Joy Lenton March 17, 2016 - 11:03 am

This: “I want to whisper God in poem and blog and essay. I want to proclaim God is in every detail, celebrate God who is in every moment.” Amen, Kate! May it be so, even from our beds and broken lives. May we learn to discern true God-given heart voice desires and listen to where they are leading us. You already offer far more than you know. Your contribution matters. Our seeming smallness is of inestimable worth to God. Bless you for your beautiful, hungering spirit! 🙂 x

Kate Kennington Steer March 21, 2016 - 5:40 am

Bless you Joy for all your encouragement. I think of you often, and pray for you as you too seek to find the precious energy needed for creativity and listen to where it might lead. May we hear heart-voices indeed and lift them to the Lord. Thank you dear sister.

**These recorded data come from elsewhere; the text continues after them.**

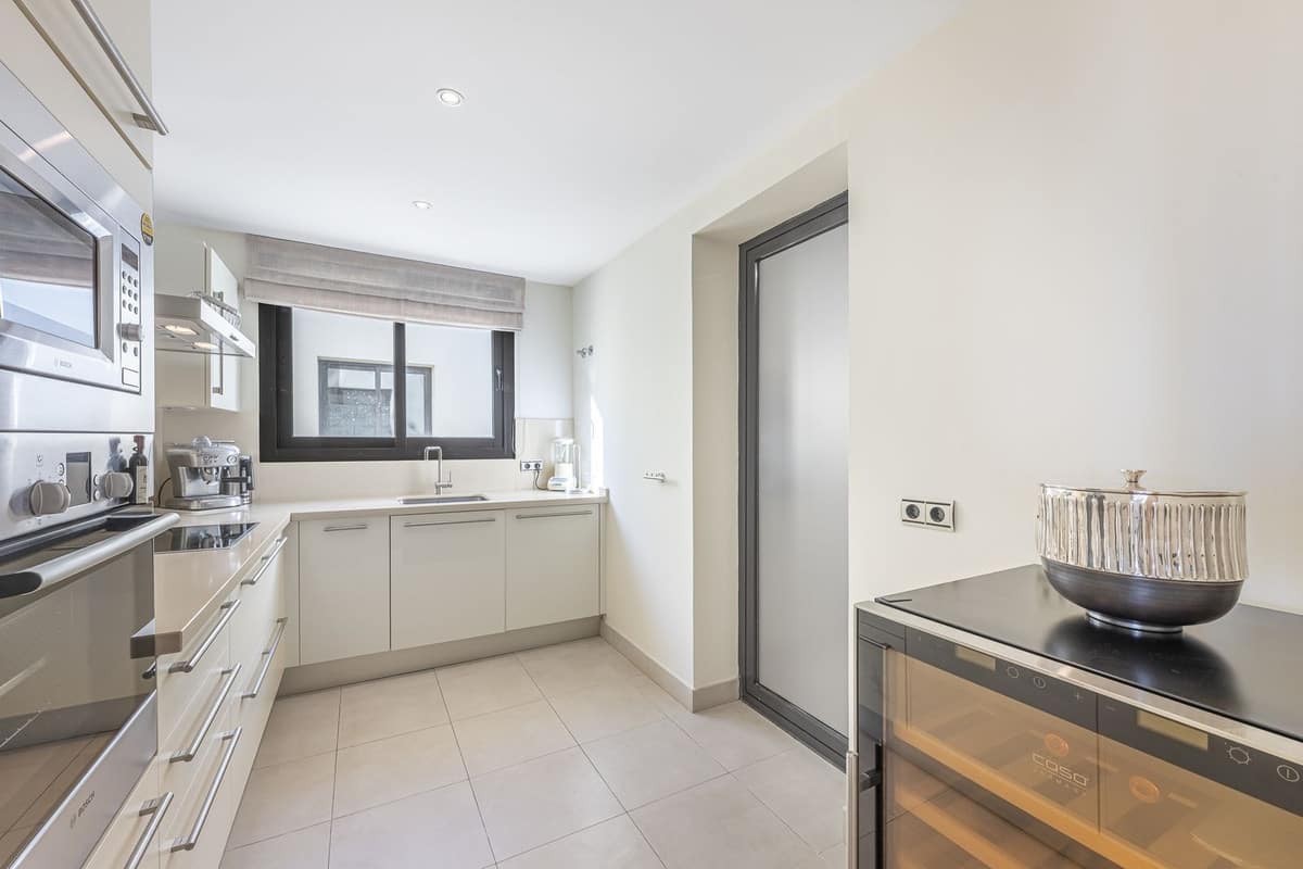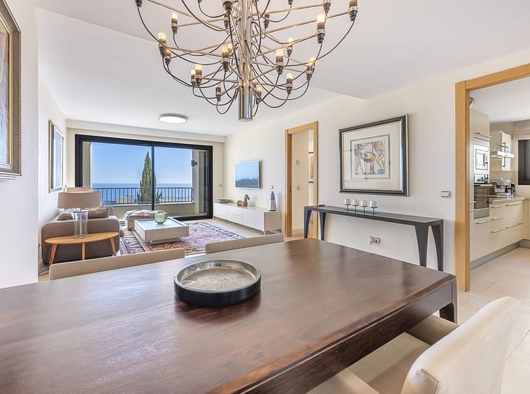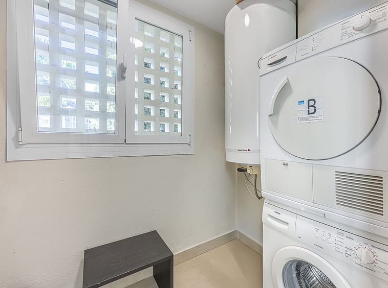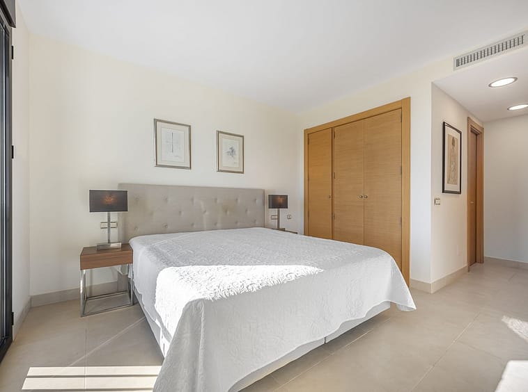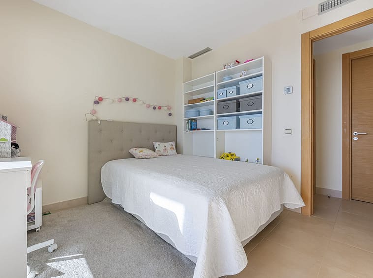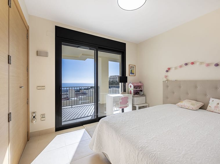 The apartment consists of three bedrooms, all with access to the terrace, a spacious living/dining room with stunning views, and a fully equipped kitchen with laundry room. Two bedrooms share a bathroom, and the master bedroom has an en-suite bathroom. The terrace is covered, allowing you to enjoy it and the exceptional views all year round.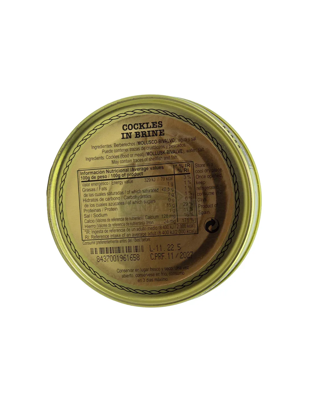 Los Berberechos al Natural en conserva de Los Peperetes son el resultado de una minuciosa selección de las mejores viandas capturadas manualmente por los mariscadores de las Rías Gallegas, únicamente entre Septiembre y Noviembre, época en la que están en su momento óptimo de sabor y de tamaño. Lo que los convierte en unos de los mejores berberechos en conserva del mercado y en nuestro producto más icónico. Una vez recibimos frescos los berberechos en nuestro obrador, los sometemos a un proceso de depuración natural en piscinas de agua de mar. Nuestras expertas empacadoras los manipulan con delicadeza, clasificándolos por tamaños y colocándolos en lata, uno a uno, de forma manual, dando como resultado una presentación impecable. Comprometidos con la sostenibilidad y la pesca artesanal, nuestros berberechos lucen el sello Pesc de Rías, de onde se non? que garantiza el origen, calidad, frescura y captura con artes de pesca sostenibles en Galicia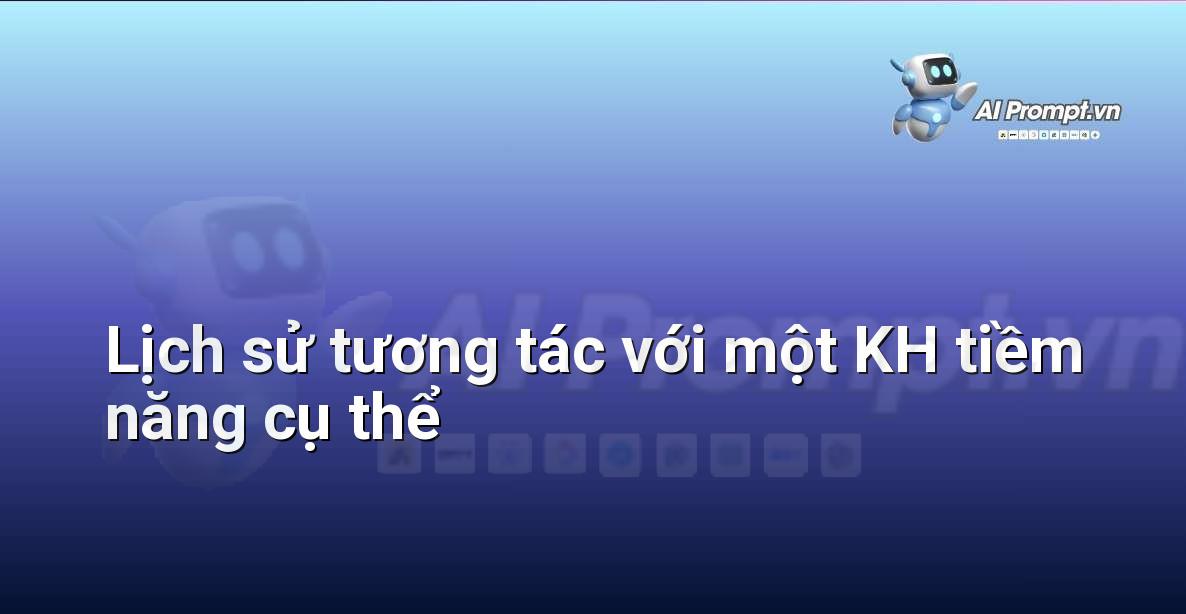 Mẫu prompt này được thiết kế để yêu cầu liệt kê một lịch sử tương tác cụ thể cho một khách hàng tiềm năng. Cấu trúc của nó rất rõ ràng và có thể xác định được các thành phần chính sau: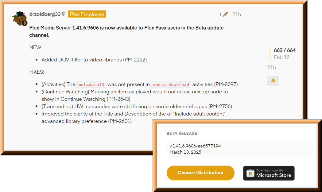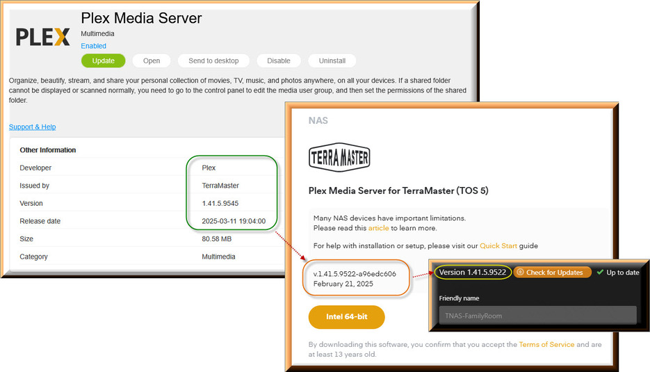 When I log into my PMS console, it tells me that 1.41.5.9522 is the latest PMS version. However, when I log into my TerraMaster console, it tells me that a newer version is available, 1.41.5.9545. When I go to the Plex website, there is no mention of version 1.41.5.9545.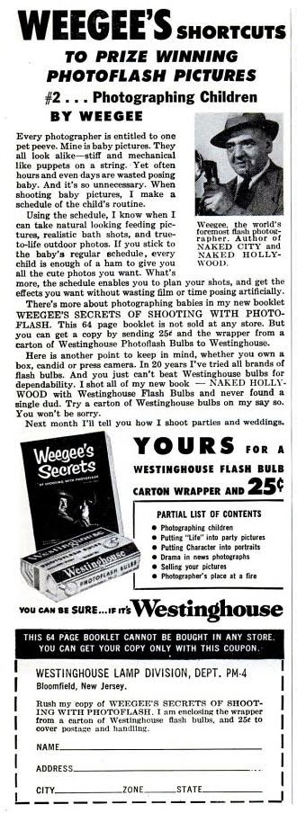September 8, 2011Uncategorized Leave a comment Weegee’s Shortcuts… #2 (from unknown magazine on Google books… Popular Mechanics maybe) Every photographer is entitled to one pet peeve. Mine is baby pictures. They all look alike – stiff and mechanical like puppets on a string…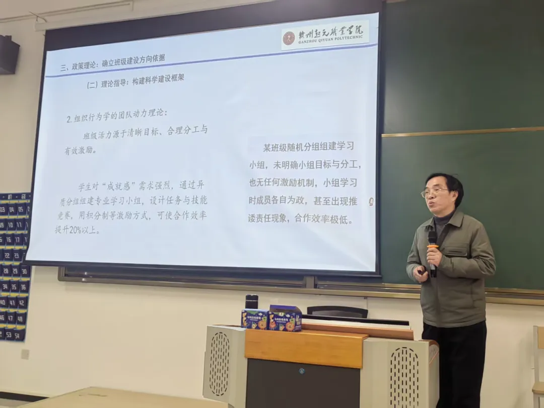 郭永生教授针对高职班级建设专题做了详细分享。他从专业导师、任课教师视角,围绕核心理念、实践路径等七大板块展开讲解。明确班级建设需坚持以生为本、引导赋能,厘清辅导员、班主任、专业导师、任课教师的角色边界,构建“课、点、线、面”协同育人体系。同时强调要依托专业特色推进差异化建设,搭建三类高效学习小组,规避建设误区,凝聚育人合力,为高职班级高质量建设提供了清晰指引。
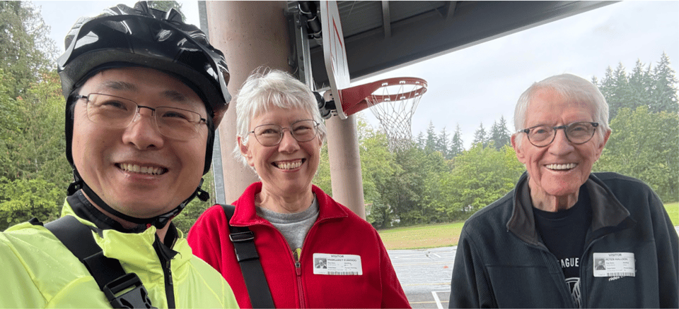 On September 30, Edmonds Council Member Will Chen joined NSBA Board Members Peter Hallson and Margaret Elwood to observe a “Let’s Go” physical education class with third graders at Brier Elementary. Teacher Jody Wallis exhibited his passion for teaching signaling, checking for traffic, safely riding and stopping, and of course wearing a helmet, as he led about 30 students through practice drills along painted lines and traffic cones in the covered outdoor PE area. Despite the rain, almost all of the students chose the optional circuit around the paved path around the field during the 30 minute class.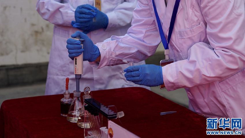 拉薩725油庫化驗人員正在演示甲醛快速檢測法(10月21日攝)。新華網 達珍 攝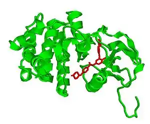 Bcr-abl quinasa, que causa LMC, en verde, inhibido por una pequeña molécula de Imatinib mesylate, en rojo.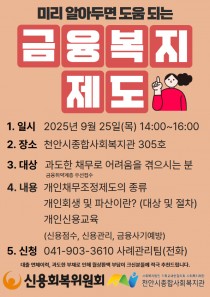 천안시종합사회복지관에서 금융복지제도에 대한 교육을 진행합니다. 과도한 채무, 대출연체이력이 있으신 분..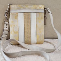 Coach Signature Stripe Yellow C Canvas Logo White Leather Crossbody Purse Bag - Please Read Description $75Goodyear, AZ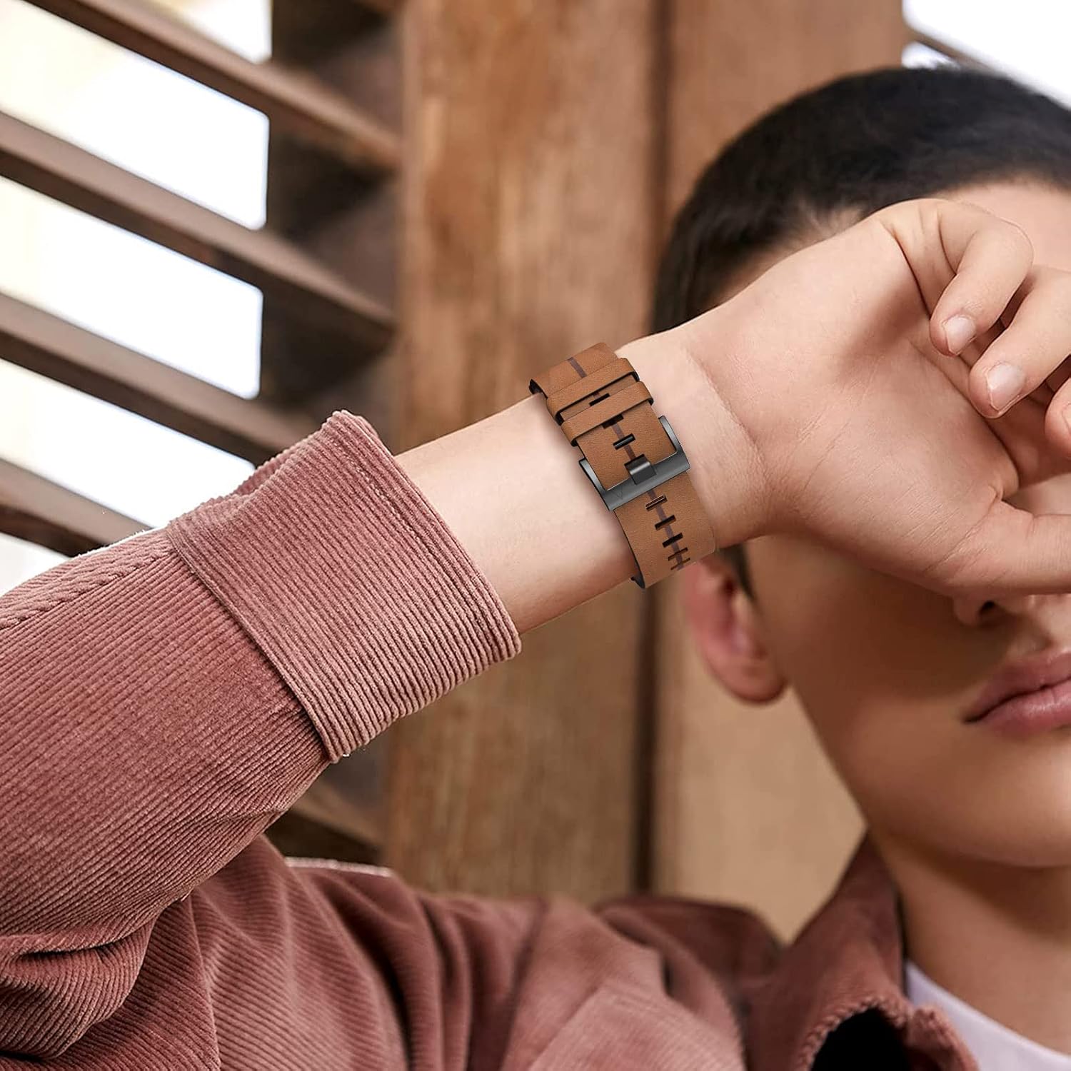 Leder Armband für Garmin Fenix 7, 22mm Echte Leder Ersatzarmband Quick-Fit Uhrenarmband für Fenix 6,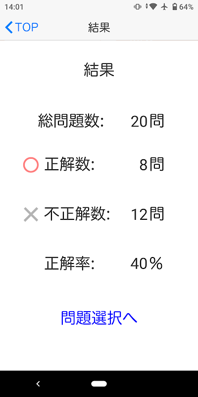 学習では、1問毎に正誤判定され、学習の最後に正解数と正解率を確認できます。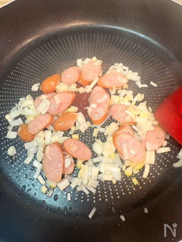 (3) フライパンにサラダ油を熱しウインナーとねぎのみじん切りを炒める。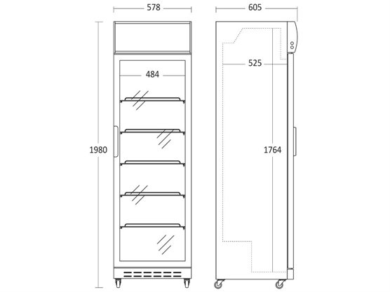 Reservedele og tilbehør › Udstyr til salgsvogne › Hvidevarer Scandomestic Displaykøleskab m/ Lysskilt (386 Ltr.) - SD 420 E NU 1Stk (FØR 10.799,00)6.499,00 DKK FØR 10.799,- 6.499,- Læg i kurvPå lager DKK inkl. moms (vis ekskl. moms) Varenummer: 18046 Book videofremvisningBestil leasingtilbud...eller ring på 86 81 81 64 Tekniske specifikationer Passer til H: 1980 x B: 578 x D: 605 mm Produktfordele Udvendige mål (HBD): 1980 x 578 x 605 mm Vægt: 67 Kg. Plads: 386 Liter Indbygget LED lys: 2 stk. Glas dør (Displaykøleskab) Reklame lysskilt Antal hylder: 5 Stk. Justerbar hylder Vendbar dør Volt: 220-240V Energi mærke: D Årligt energiforbrug, kWh/a: 639 Produktbeskrivelse Dette Scandomestic Displaykøleskab - SD 420 E på 386 liter er designet til synlighed og funktionalitet, hvilket gør det perfekt til salgsvogne, food trucks og andre mobile salgssteder. Med fem justerbare hylder og god højde giver det fleksibel opbevaring af kolde varer – klar til at blive præsenteret flot bag den store glasdør. De to indbyggede LED-lys sikrer, at produkterne altid står skarpt og indbydende, mens det øverste reklameskilt tilføjer ekstra blikfang til din profil eller dit brand. Den vendbare dør giver fleksibilitet ved placering, og køleskabets slanke mål på 1980 x 578 x 605 mm gør det let at integrere i både faste og mobile opsætninger. Med energimærke D og et årligt forbrug på 639 kWh – svarende til ca. 72,9 watt i timen – får du en pålidelig løsning med effektiv drift. Vægten på 67 kg sikrer både stabilitet og nem håndtering. Scandomestic Displaykøleskab m/ Lysskilt (386 Ltr.) - SD 420 E 6.499,- DKK - + 6.499,- DKK inkl. moms (vis ekskl. moms) Læg i kurv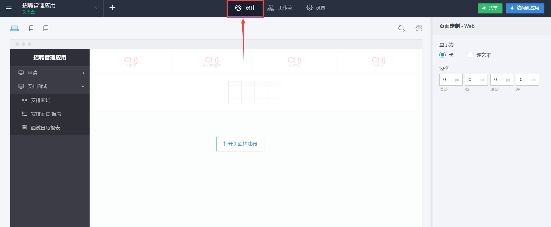 - 转至应用程序的设计页面。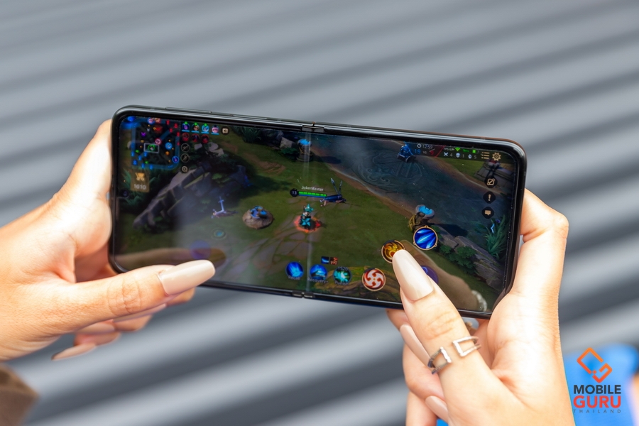 ทดสอบด้วยเกม ROV สามารถเล่นได้อย่างลื่นไหล 60FPS ตั้งแต่ต้นจนจบ และด้วยฟิล์มหน้าจอที่มีความหนาขึ้น ทำให้ไม่รู้สึกยวบยาบเวลาเล่น หน้าจอแข็งแรงเหมาะกับการเล่นเกมมากขึ้นอย่างชัดเจน

Lisa de Jong March 17, 2016 - 4:33 pm

Beautifully put. Thank you. Kate, you may do much more from your bed to spread his light than many people do pounding the pavements, thinking they are ‘doing’ so much. I love the idea of his light being a baton that we pass on. What we all see as our small part can be part of a very big purpose. Your heart is in the right place and that is what matters most. Just read a quote ‘If each one of us could make of our heart a manger, then Christ could come again to this earth’. Angelus Selesius. And some more good reading material from Weavings Magazine below. I like what Jean says that our challenge is to have faith, our supposed success or failure is not so important as our faith, whatever life brings.
Ana Lisa

A Resurrection Model for Failure, by Jean M. Blomquist
As we wrestle with failure, we need to remember we are in good company. Jesus failed too. The problem with being on this side of the resurrection is that we often miss the pain and anguish of the failure that preceded it. In the eyes of the world, Jesus’ life and ministry were most certainly failures. He did not change the hearts of all who heard him, nor did he usher in a visible reign of God on earth. To those who expected a socio-political savior, he failed to liberate Palestine from Roman rule. He even failed to gain the loyalty of his own disciples, who abandoned him and denied any association with him. He died a humiliating, lonely, and painful death, taunted and ridiculed for being who he truly was. And yet …
As people of faith, we need to remember that the resurrection tosses out all standard expectations and measurements of failure and success. Neither failure nor success is good or evil; both can result in growth, stagnation, or regression. In our struggle with failure and success, we may find a hidden strength as we commend our spirits to our Creator and seek to yield our lives to love. Our challenge is to have faith—in failure, in success, in whatever life brings. The unexpected turns, the painful endings, the precarious beginnings are all part of the path of faith, where we are reminded with each step that the resurrection did not happen only once long ago—it happens each day of our lives.
From “On Having Faith in Failure,” Weavings: A Journal of the Christian Spiritual Life, Vol. VII, No. 1 (Jan/Feb 1992)(Nashville, TN: The Upper Room,1992), 14-15.

Kate Kennington Steer March 21, 2016 - 5:34 am

Lisa thank you so much for you encouragement and for sharing Jean’s words ‘on having faith in failure’ – they are exactly what I needed to hear today! All Blessings for whatever comes your way today – that we may both be liberated to practise resurrection.